As soon as my dad said those words, "killed in a car crash", everything afterwards is only short clips of moments that passed, like pictures on a reel going around, they flash in front of my eyes and then crash together into a million pieces until I close them because I don't want to remember.
After that i forgot about him. I flushed every memory out of my mind because it was too painful to think about, too painful to remember, too heart wrenching and guilt ridden to think that I hadn't paid attention in those last few precious moments I had with him.
But every once in a while, when it comes back to the surface I remember. Sometimes I smile, and sometimes I cry, but I always always say a prayer. I can still see you sitting on the couch next to me, and I can still hear you whispering that I was your favorite, and not to tell anyone. I can still hear you laughing when I asked you about Chi's dreadlocks, and I can still see you arguing about religion with your brothers while we sat and listened even though we didn't understand. And then I start to remember not even talking to you at the wedding, the last time I ever saw you. I remember getting older, forgetting that you were there because I had more "important" things to think about, and I remember that they didn't even matter.

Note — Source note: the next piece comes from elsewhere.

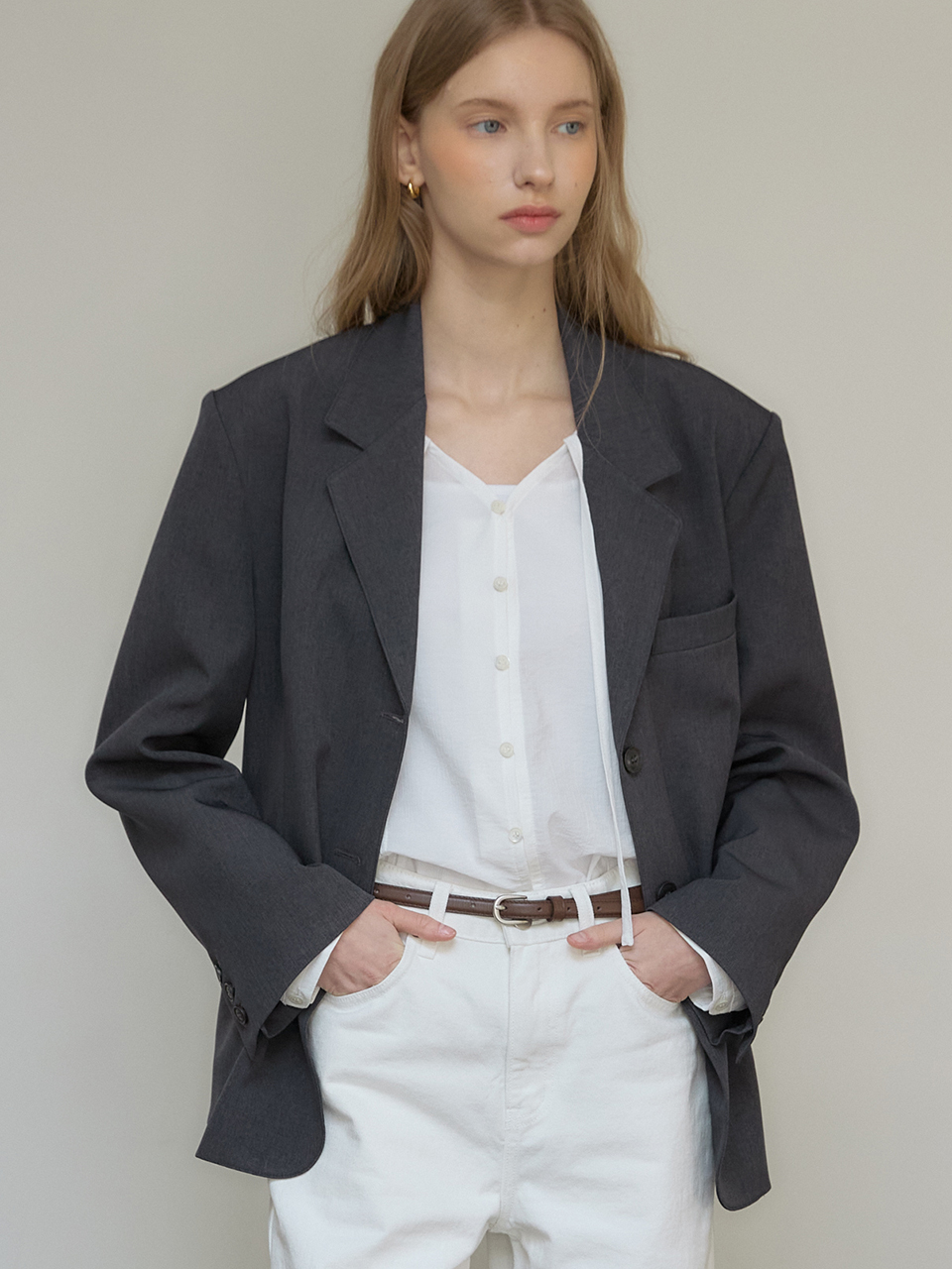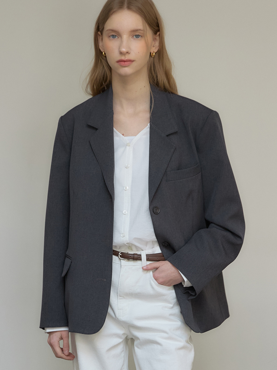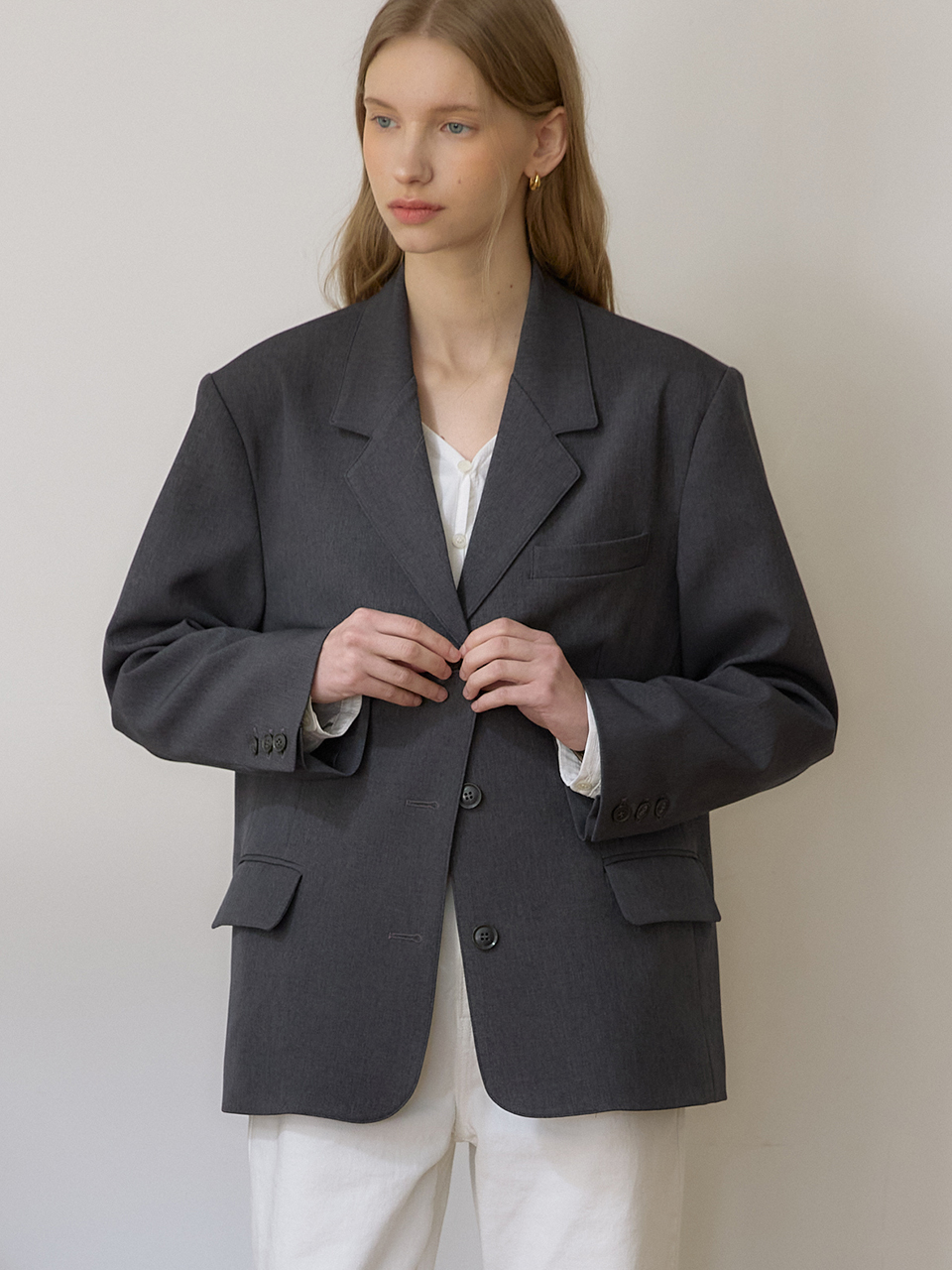 Signature Single Button Jacket - Charcoal

If I knew then what I know now, that seven years later I would still regret not telling you that day that I loved you, that you would always be my favorite, then I would have changed it all. I'm still sorry, and every time I whisper it in my prayers its the most heartfelt sorry I have ever said.
I wish that you could see me now, I know you would be proud. Because its seven years later, and even though I will never know who you would have been, I hope your watching me and who I have become.